Now he must make a choice. To go ahead was to go into a trap. By this time they had a general idea of where he was and what he intended, so he must confuse them, do something to throw them off the trail.
The canyons might be it, for they were west as well as north. It would be a change of direction.
Or Magadan…
Magadan, a town on the sea, and not too far away. He shook his head. That would be foolish. He would be exposed there. That is, he would know none of the small things residents know, the simple things of everyday living. He would make mistakes and reveal himself.
To even approach Magadan would put him in more populated areas where he must pass in review before more people, and a people inclined to suspicion who knew he was around. Even with his new shirt and the suit he had folded away he would be in danger.
Crouched on a mountainside, his cheeks stiff with cold, he studied the ragged pines along the farther ridge, and the hollow valley that lay between. Death was there and all about him, death from men, yes, and death from cold. If he slipped and broke a leg, he would freeze within minutes.

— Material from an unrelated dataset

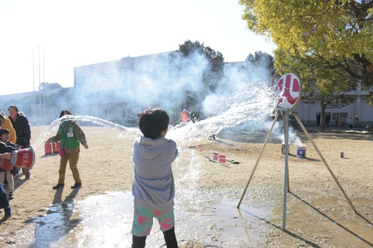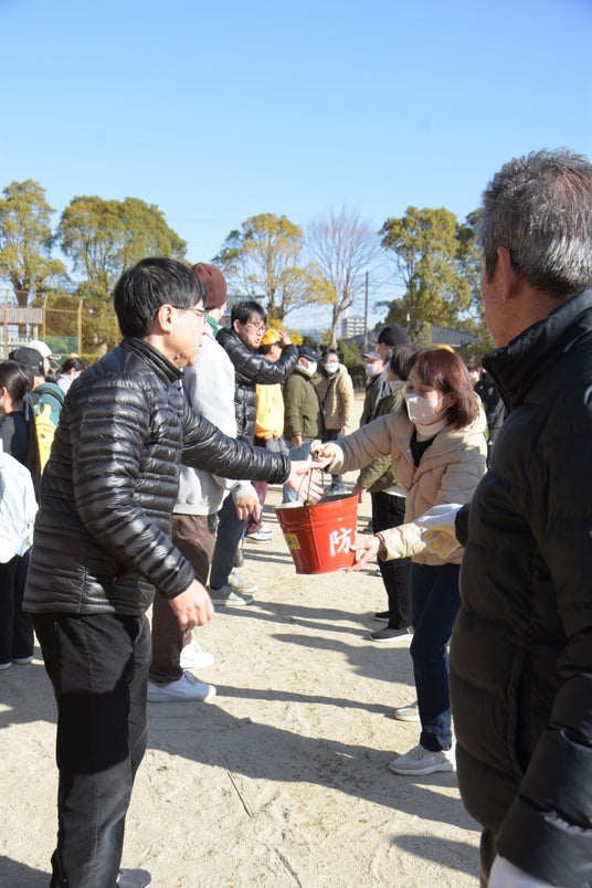 「バケツは真横ではなく、ジグザグに手渡してください」という消防職員からのアドバイスを受け、互いに向かい合う形でリレーを実施。

The icy cold was waiting for the slightest misstep to kill. They were seeking him out, trying to find him, and he must use the land, turn it against them.
He was in the land of the Tungus, the Reindeer People. Yet he had seen none of them as yet. He could come upon them at any time.
He moved along under the pines, looking again across the valley toward the bleak ridges, the massed battalions of the other pines where darkness and shelter might wait or enemies to kill or maim him. Snow crunched under his moccasins, and he came out from under the pines and went down the hill into the icy chill of the hollow. A cold wind stirred, and he felt its added chill.
Each step he chose with care, trusting to nothing. To his left, the end of the cuplike hollow rose up; to his right, it spilled out into another, longer valley. Nothing moved within his sight, and he walked across the hollow and started to climb the ridge and suddenly stopped, brought up short by a crevasse, a deep fracture of the rocky floor that dropped away into some unimaginable depth. A misstep here…
One long step would take a man across. There was crusted snow on the far side, crusted snow over rocks. He took the step and then turned around and, with his knife, loosened a rock or two under the snow crust. When he went on he had left a death trap for whoever followed his trail.
A tall man might try to step over, a shorter man might take a small leap. Well, they were hunting him; let them pay the cost.
Lean as a mountain wolf, his face haggard with cold and exhaustion, he climbed the icy slope to the lure of the sheltering pines. He hunted a place to shelter himself, and the sky overhead danced with the weird green and yellow of the northern lights. He crunched through the snow, eyes seeking a place, finding nothing. The trunks of the pines were black against the whiteness of the snow. Wind moaned through the trees, and they bent their tops before the wind. He crouched against the bole of a tree, searching the land before him. His eyes took in everything: the silent avenues among the pines, the blowdown resting, half fallen, suspended by only one slim branch. Soon it would fall and drop across the trail.